Regularly consuming diet fizzy drinks will only make you fatter, new research shows.
Although they have fewer calories, the drinks fail to stop you piling on the pounds – and could trigger your appetite so that you eat more.
The news is a blow to millions of Britons who believe such drinks help to keep them in trim. Scientists came to their conclusion after looking at two important studies.
One involving more than 500 participants found that those who guzzled diet soft drinks every day had 70 per cent bigger waists after a decade than those who drank none.
And even those who kept to just two diet drinks a day put on almost two inches around the middle.
In the other study, mice that were fed a sweetener widely used in soft drinks had higher blood sugar levels after three months.
Artificial sweeteners are thought to be a cause of weight gain by boosting a craving for food. Professor Helen Hazuda, who presented the findings at a diabetes conference in San Diego, California, said: “If you compare people who consume no diet sodas to those who consumed any, there was a dramatic difference.”
She added: “Data from this and other prospective studies suggest that the promotion of diet sodas and artificial sweeteners as healthy alternatives may be ill-advised. They may be free of calories but not of consequences.”

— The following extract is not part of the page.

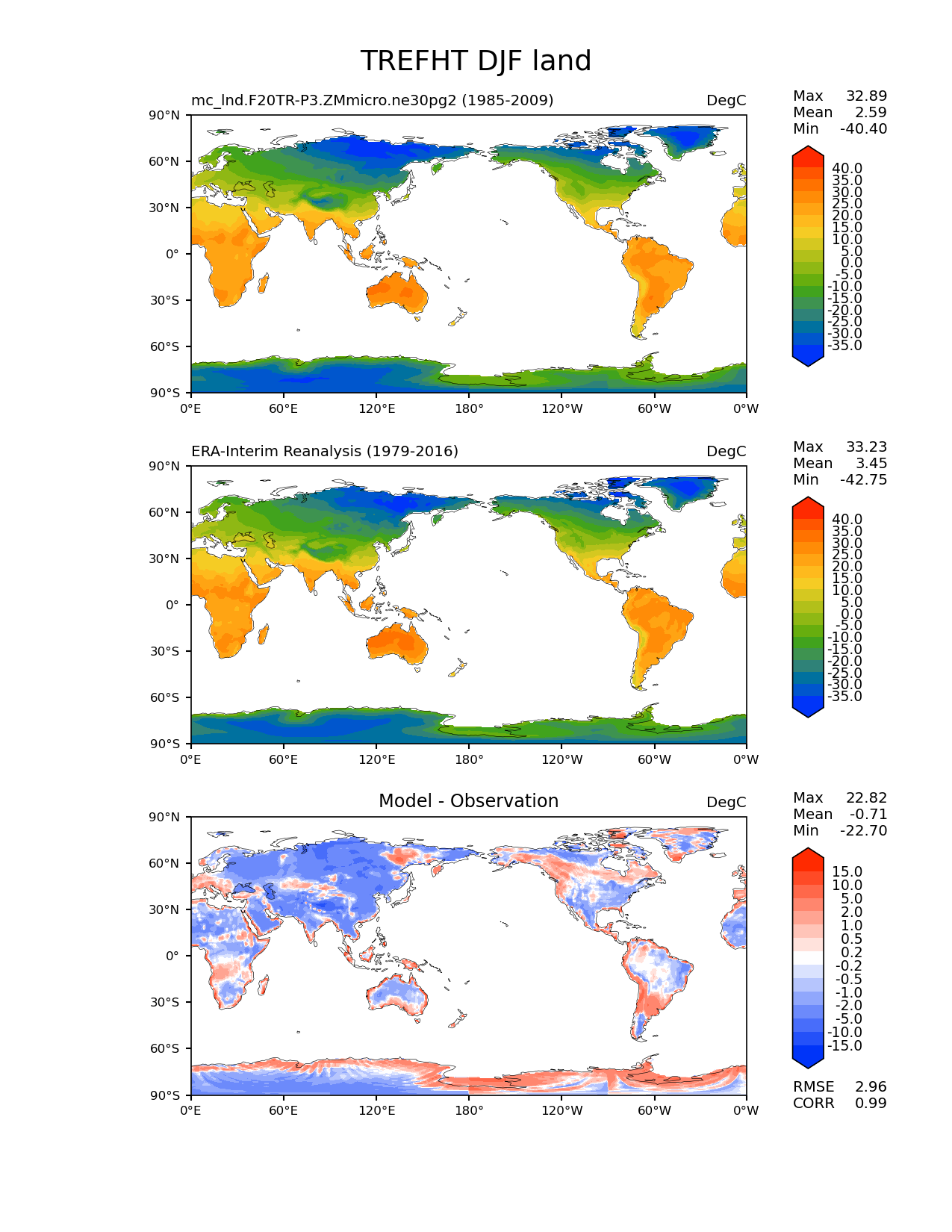 Use this command to recreate this image: | e3sm_diags lat_lon --no_viewer --case_id 'ERA-Interim' --sets 'lat_lon' --run_type 'model_vs_obs' --variables 'TREFHT' --seasons 'DJF' --regions 'land' --regrid_tool 'esmf' --regrid_method 'conservative' --main_title 'TREFHT DJF land' --backend 'mpl' --output_format 'png' --canvas_size_w '1212' --canvas_size_h '1628' --figsize '8.5' '11.0' --dpi '150' --arrows --contour_levels '-35' '-30' '-25' '-20' '-15' '-10' '-5' '0' '5' '10' '15' '20' '25' '30' '35' '40' --test_name 'mc_lnd.F20TR-P3.ZMmicro.ne30pg2' --test_title ' ' --test_colormap 'cet_rainbow.rgb' --ref_name 'ERA-Interim' --reference_name 'ERA-Interim Reanalysis' --reference_colormap 'cet_rainbow.rgb' --diff_title 'Model - Observation' --diff_colormap 'diverging_bwr.rgb' --diff_levels '-15' '-10' '-5' '-2' '-1' '-0.5' '-0.2' '0.2' '0.5' '1' '2' '5' '10' '15' --num_workers '4' --granulate 'variables' 'seasons' 'plevs' 'regions' --selectors 'sets' 'seasons' --reference_data_path '/global/cfs/cdirs/e3sm/acme_diags/obs_for_e3sm_diags/climatology/' --test_data_path '/global/cscratch1/sd/xsongsio/E3SM_simulations/mc_lnd.F20TR-P3.ZMmicro.ne30pg2/diag/clim_rgr/25yr/' --results_dir '/global/cfs/cdirs/e3sm/www/xsongsio/mc_lnd.F20TR-P3.ZMmicro.ne30pg2/25yr' |

The researchers, based at the University of Texas, cannot yet conclusively say that diet drinks cause expanding waistlines, but their findings add to a growing number of studies that make the link.
One theory is that the body uses taste to regulate hunger, and that artificial sweeteners may be disrupting that mechanism.
Prof Hazuda’s colleague Sharon Fowler said: “The thing about artificial sweeteners is that they could have the effect of triggering appetite, but unlike regular sugars they don’t deliver something that will squelch the appetite.”
Low-calorie drinks command more than 60 per cent of the soft drinks market in the UK, with shoppers opting for them in growing numbers. Dr John Stevenson, consultant physician at Imperial College London, said: “The problem with this study is that they need to propose a biological mechanism to explain the observational findings.
“And it takes a quantum leap to relate the effects of aspartame [sweetener] in diabetic-prone mice to humans.
“One possible explanation is that in America very obese people can be seen wandering round with a triple cheese-burger in one hand but always with a diet drink in the other, presumably working on the basis the diet drink cancels out the calories in the food.”